One crucial aspect is that the #offset_metadata method may return false if the given partition is no longer part of the consumer's assignment. This safety mechanism ensures that your consumer does not act on stale or irrelevant metadata. Always check the return value of #offset_metadata and handle the false case appropriately in your application logic.

Offset Metadata Usage From Within Filters

Offset Metadata Storage in Karafka enhances consumer instances' capability to manage and utilize message offsets and extends this functionality beyond the scope of a single consumer. This feature is particularly beneficial when you need to access offset metadata from different application components, such as within the Filtering API, to make more context-aware decisions based on the metadata associated with specific offsets.

In scenarios where you need to retrieve offset metadata outside of the consumer instance, for instance, within Filters, to leverage the Filtering API, Karafka provides a flexible solution. This is especially useful when your processing logic requires insight into the message offsets' metadata at different stages or components of your application, not just within the consumer itself.

As long as the current process retains the assignment of the given topic partition, you can retrieve the offset metadata from places other than the consumer instance. This means that even in filters or other parts of your Karafka application, you can access the metadata associated with any offset, ensuring a seamless and cohesive processing flow.

To do so, you need to utilize the Karafka::Pro::Processing::OffsetMetadata::Fetcher object as follows:

offset_metadata = Karafka::Pro::Processing::OffsetMetadata::Fetcher.find(
  # Karafka::Routing::Topic expected and NOT a string
  topic,
  # Partition id integer: 0, 1, 2, etc
  partition
)

puts offset_metadata

Proper Arguments expectations for Fetcher#find

When using the Fetcher#find method, passing a Karafka::Routing::Topic object is essential, not just a string name of the topic. This specificity is required because a single topic might be associated with multiple consumer groups, each holding distinct offset metadata. Providing a Karafka::Routing::Topic object ensures accurate metadata retrieval by uniquely identifying the topic within its consumer group context, preventing any mix-up in metadata due to topic name overlaps across different consumer groups.

Interaction with Virtual Partitions

Virtual Partitions in Karafka introduce an additional layer of complexity to how work is distributed from one topic partition to multiple virtual partitions. This intricacy extends to the behavior of Offset Metadata Storage, which can be configured to operate in two distinct ways. This behavior is governed by the offset_metadata_strategy flag, set during the configuration of virtual partitions in routing.

When the Virtual Offset Manager is in the process of materializing an offset to store, it faces a choice regarding which metadata to use.
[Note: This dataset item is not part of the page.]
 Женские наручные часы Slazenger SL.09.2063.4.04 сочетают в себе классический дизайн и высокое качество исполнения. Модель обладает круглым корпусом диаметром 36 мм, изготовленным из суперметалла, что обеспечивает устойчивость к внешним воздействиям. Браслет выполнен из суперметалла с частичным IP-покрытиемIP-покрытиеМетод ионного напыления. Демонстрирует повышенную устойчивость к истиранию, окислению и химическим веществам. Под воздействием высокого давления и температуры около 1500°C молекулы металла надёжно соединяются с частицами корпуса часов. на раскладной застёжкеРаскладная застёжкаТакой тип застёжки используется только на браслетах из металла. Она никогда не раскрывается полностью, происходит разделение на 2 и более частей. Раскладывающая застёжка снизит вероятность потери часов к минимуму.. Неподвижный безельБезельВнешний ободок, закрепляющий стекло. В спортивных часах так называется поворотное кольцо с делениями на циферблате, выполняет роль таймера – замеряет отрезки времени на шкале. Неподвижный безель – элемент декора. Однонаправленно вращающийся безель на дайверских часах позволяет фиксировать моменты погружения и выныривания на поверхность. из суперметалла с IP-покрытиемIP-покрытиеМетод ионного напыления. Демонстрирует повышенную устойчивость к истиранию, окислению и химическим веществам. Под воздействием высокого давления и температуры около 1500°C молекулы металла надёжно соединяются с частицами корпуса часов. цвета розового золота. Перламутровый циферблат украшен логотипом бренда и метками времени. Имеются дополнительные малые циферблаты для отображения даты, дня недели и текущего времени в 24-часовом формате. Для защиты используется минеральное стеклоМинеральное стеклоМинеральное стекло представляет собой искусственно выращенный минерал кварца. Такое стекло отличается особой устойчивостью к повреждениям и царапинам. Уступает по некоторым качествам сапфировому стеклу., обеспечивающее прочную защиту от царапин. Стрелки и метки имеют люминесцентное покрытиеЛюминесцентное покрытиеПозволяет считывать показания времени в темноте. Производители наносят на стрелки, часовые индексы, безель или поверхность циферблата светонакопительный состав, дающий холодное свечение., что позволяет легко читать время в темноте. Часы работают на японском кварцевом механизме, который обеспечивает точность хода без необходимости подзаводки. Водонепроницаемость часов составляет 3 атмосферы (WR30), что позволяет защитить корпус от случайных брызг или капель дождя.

The decision is based on the offset_metadata_strategy setting:

  1. Current Strategy (:current) / Default: When set to current, the system uses the most recently provided metadata for the offset being materialized. This approach assumes that the latest metadata is the most relevant or accurate for the current processing state. However, it may only sometimes precisely align with the specific offset, especially in high-throughput or rapidly changing environments.

  2. Exact Strategy (:exact): Conversely, when the offset_metadata_strategy is set to :exact, the system uses the metadata associated with the exact offset being materialized. This ensures a tight coupling between an offset and its metadata, providing precision and ensuring each offset is associated with its specific contextual data. This can be particularly important in scenarios where the metadata's relevance is closely tied to the particular position within the partition.

The choice between :current and :exact strategies should be made based on the specific needs of your application and the nature of your message processing logic.

class KarafkaApp < Karafka::App
  setup do |config|
    # ...
  end

  routes.draw do
    topic :orders_states do
      consumer OrdersStatesConsumer

      virtual_partitions(
        partitioner: ->(message) { message.headers['order_id'] },
        max_partitions: 5,
        # Use the exact matching offset metadata strategy
        offset_metadata_strategy: :exact
      )
    end
  end
end

Limitations

Offset Metadata Storage comes with certain limitations you should be aware of:

  1. Immutability of Stored Offset Metadata: Once offset metadata is stored for a specific offset value, it cannot be updated or overwritten. This means the system retains only the first set of metadata associated with a particular offset. If your processing logic involves updating or changing metadata over time, you must design your system to accommodate this limitation.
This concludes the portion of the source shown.